Al valencianismo le da igual el tiempo efectivo de los partidos, consiente y puede que celebre a un entrenador con número raquíticos. Ocurre porque ha asumido que el par de tardes de alegría anual y la posibilidad de competir, pasa por dar respaldo a lo poquito que ofrece solvencia en el club.
Vamos a ver: estamos hablando de una institución cuya promesa de futuro es un render de un estadio decadente antes de inaugurar, donde cuatro fulanos presumiblemente perjudicados celebran un gol en unas gradas vacías, sin jugadores en el campo.

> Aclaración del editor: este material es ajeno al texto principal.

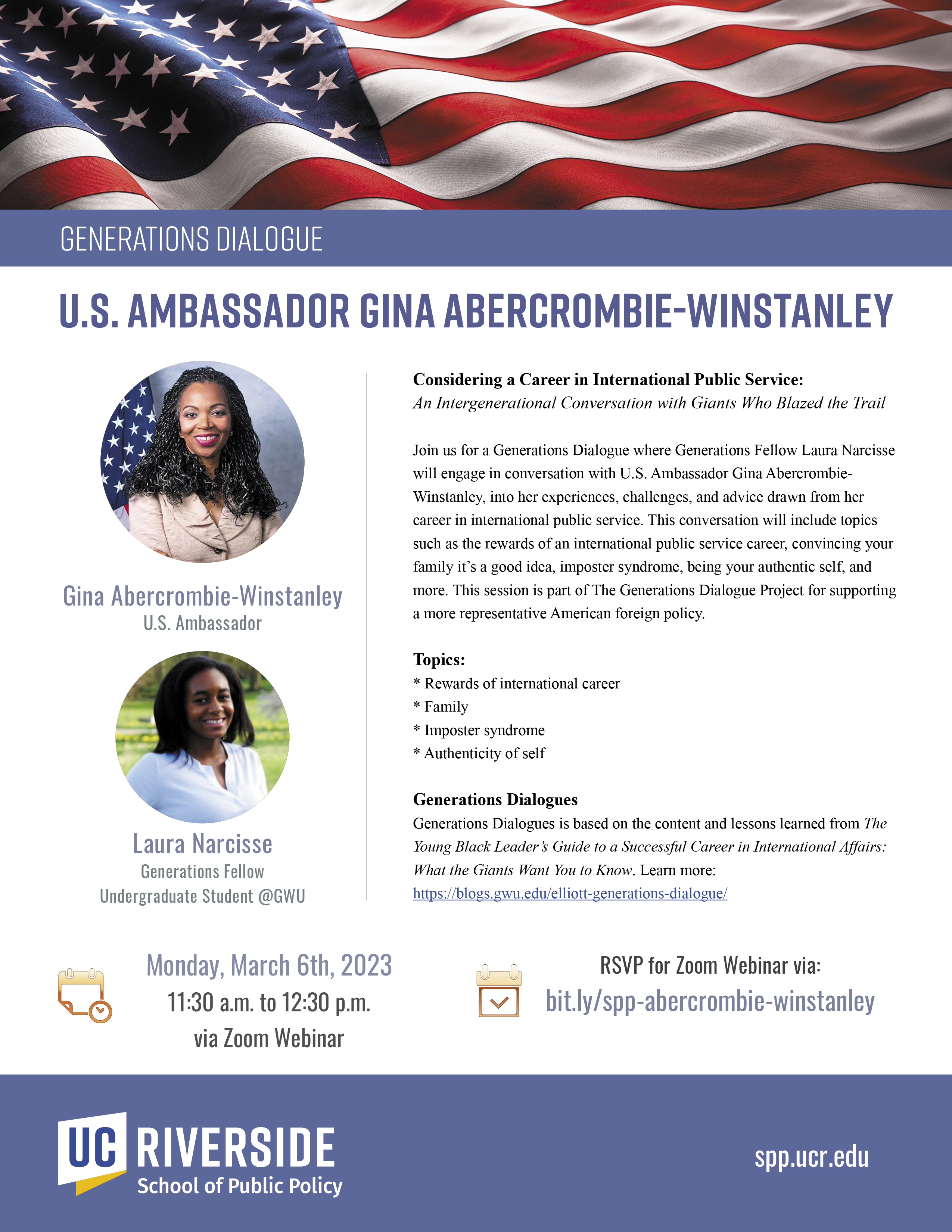 On Monday, March 6th, the UCR School of Public will host a virtual seminar featuring U.S. Ambassador Gina Abercrombie-Winstanley and Generations Dialogue Fellow Laura Narcisse. The event, titled “Considering a Career in International Public Service: An Intergenerational Conversation with Giants Who Blazed the Trail,” is part of the Generations Dialogue project, an initiative to increase representation in American Foreign Policy.

Porque una afición no celebra lo que quiere, sino que celebra en comparación con lo que recientemente ha tenido. Cuando valoramos a Bordalás y el desempeño de su grupo, no lo hacemos en base a las expectativas, que están por los suelos, sino por lo que se dispone en contra de ellas. No terminamos juzgando a Unai por lo que podía seguir dando, sino por la altura de lo que ya había ofrecido y la incapacidad para prometer más. El primer Ranieri fue aupado por la promesa de una transformación: un Valencia hacia arriba. El segundo, sucumbió porque ya solo ofrecía decadencia. Pizzi fue tratado con deferencia porque vendía el alborozo de la Europa League, por mucho que el traje le quedara grande.
Bordalás no es lo que hace, es lo que otros harían si no estuviera Bordalás. Se llama conservadurismo, porque igual que el equipo procura no tener demasiado tiempo de juego para no cometer errores imperdonables, la grada busca no agravar el estado de las cosas a sabiendas de lo que ocurre cuando la propiedad experimenta con cualquier prueba.
A diferencia del pasado del valencianismo, ya no es la ilusión lo que mueve a las masas, es el puro realismo. Y quizá sea lo más razonable.